◆ **What is expected**:
Only the lines from the start of the data through the line with "TEMU 귀여운 만화" belong in the copy. Restate them word for word, minus the pictures.

Records excerpted from a collection:
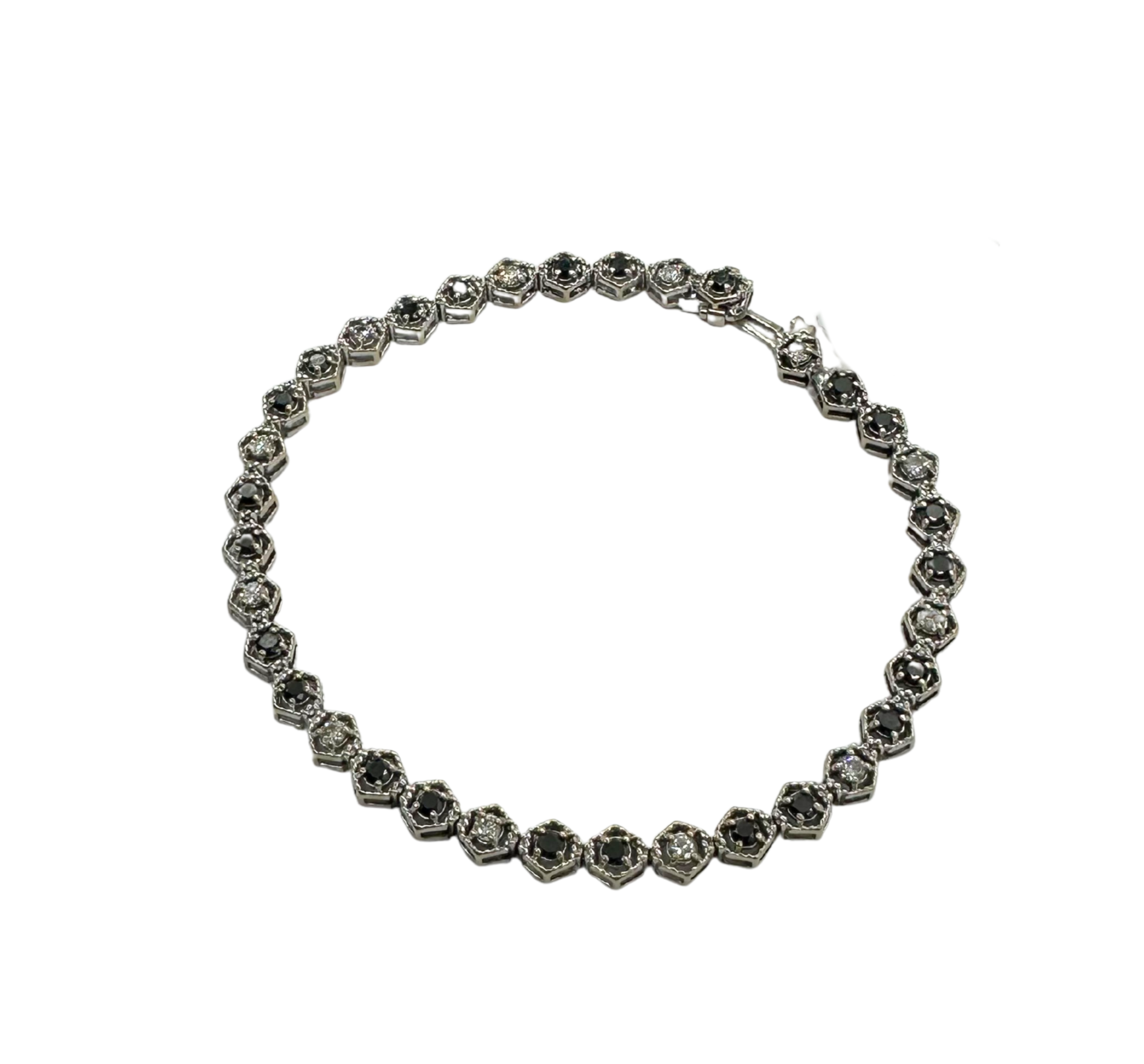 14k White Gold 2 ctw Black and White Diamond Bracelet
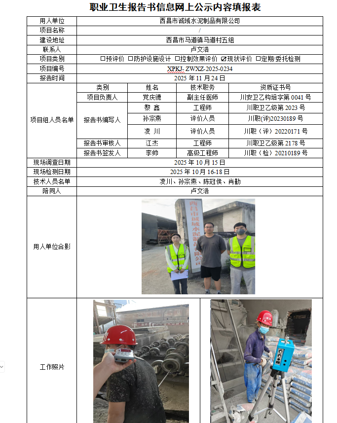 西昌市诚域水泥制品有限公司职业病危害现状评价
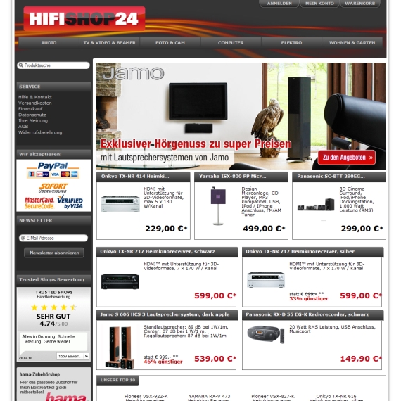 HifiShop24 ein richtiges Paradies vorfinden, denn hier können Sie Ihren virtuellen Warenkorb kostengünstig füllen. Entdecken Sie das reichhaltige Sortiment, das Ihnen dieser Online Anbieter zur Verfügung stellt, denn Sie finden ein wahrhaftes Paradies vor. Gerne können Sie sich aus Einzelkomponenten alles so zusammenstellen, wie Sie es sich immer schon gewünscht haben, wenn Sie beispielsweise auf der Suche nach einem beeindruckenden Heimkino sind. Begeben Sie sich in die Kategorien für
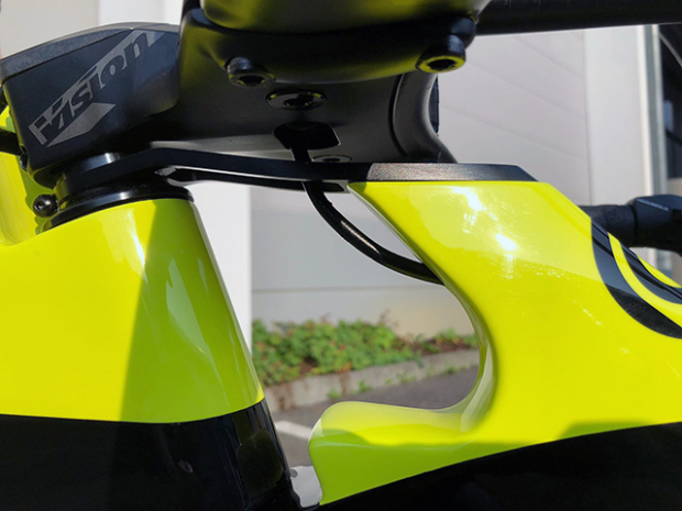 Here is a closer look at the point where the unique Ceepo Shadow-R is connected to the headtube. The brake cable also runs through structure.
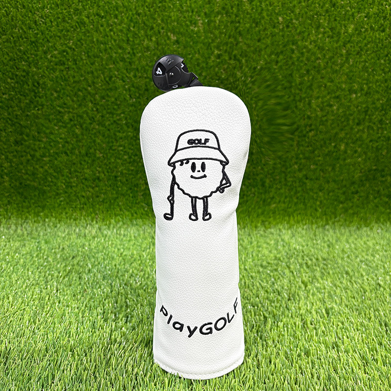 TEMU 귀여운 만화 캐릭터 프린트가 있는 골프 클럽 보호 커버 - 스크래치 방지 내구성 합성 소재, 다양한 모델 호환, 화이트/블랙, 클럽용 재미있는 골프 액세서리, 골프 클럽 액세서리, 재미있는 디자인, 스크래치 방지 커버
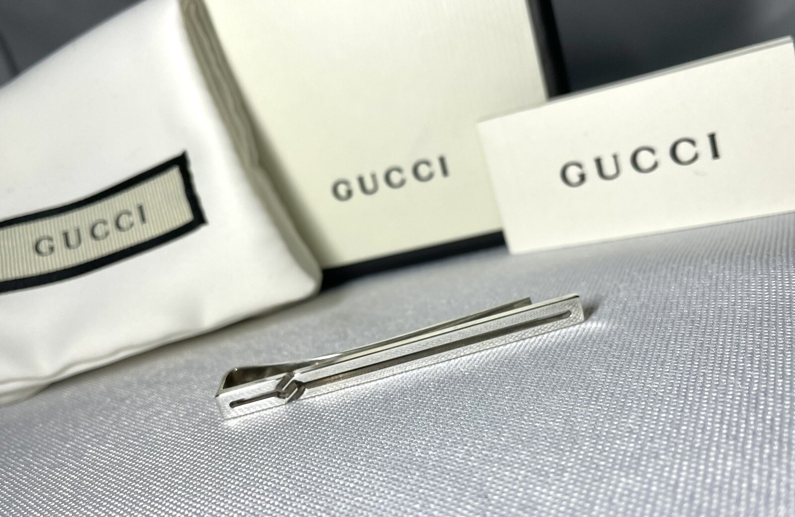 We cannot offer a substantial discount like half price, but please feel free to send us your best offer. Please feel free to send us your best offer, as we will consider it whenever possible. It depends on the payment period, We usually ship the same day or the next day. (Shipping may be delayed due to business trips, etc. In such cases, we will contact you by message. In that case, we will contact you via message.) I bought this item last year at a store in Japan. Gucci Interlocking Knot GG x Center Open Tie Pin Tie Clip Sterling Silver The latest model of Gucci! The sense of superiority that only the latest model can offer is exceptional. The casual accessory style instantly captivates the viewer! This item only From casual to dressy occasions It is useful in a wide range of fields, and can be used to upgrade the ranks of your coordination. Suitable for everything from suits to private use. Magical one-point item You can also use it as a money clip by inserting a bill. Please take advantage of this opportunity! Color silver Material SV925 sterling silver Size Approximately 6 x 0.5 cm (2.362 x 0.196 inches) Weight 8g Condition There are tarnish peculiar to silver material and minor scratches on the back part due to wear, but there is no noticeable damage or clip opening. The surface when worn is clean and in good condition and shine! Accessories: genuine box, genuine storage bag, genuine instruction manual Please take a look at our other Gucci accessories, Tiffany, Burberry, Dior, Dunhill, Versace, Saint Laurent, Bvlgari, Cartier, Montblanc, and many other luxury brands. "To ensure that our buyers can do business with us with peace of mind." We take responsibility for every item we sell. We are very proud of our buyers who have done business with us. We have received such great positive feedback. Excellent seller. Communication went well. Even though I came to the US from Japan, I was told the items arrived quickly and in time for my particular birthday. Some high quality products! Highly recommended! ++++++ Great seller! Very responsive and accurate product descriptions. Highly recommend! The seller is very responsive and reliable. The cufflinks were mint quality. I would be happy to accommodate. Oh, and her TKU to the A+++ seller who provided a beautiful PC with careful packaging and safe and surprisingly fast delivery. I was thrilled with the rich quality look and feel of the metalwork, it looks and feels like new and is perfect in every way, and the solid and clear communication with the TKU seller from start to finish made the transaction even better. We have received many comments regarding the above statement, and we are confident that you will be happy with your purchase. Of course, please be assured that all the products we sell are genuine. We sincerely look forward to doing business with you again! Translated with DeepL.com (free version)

◆ **Solution**:
 14k White Gold 2 ctw Black and White Diamond Bracelet
 西昌市诚域水泥制品有限公司职业病危害现状评价
 HifiShop24 ein richtiges Paradies vorfinden, denn hier können Sie Ihren virtuellen Warenkorb kostengünstig füllen. Entdecken Sie das reichhaltige Sortiment, das Ihnen dieser Online Anbieter zur Verfügung stellt, denn Sie finden ein wahrhaftes Paradies vor. Gerne können Sie sich aus Einzelkomponenten alles so zusammenstellen, wie Sie es sich immer schon gewünscht haben, wenn Sie beispielsweise auf der Suche nach einem beeindruckenden Heimkino sind. Begeben Sie sich in die Kategorien für
 Here is a closer look at the point where the unique Ceepo Shadow-R is connected to the headtube. The brake cable also runs through structure.
 TEMU 귀여운 만화 캐릭터 프린트가 있는 골프 클럽 보호 커버 - 스크래치 방지 내구성 합성 소재, 다양한 모델 호환, 화이트/블랙, 클럽용 재미있는 골프 액세서리, 골프 클럽 액세서리, 재미있는 디자인, 스크래치 방지 커버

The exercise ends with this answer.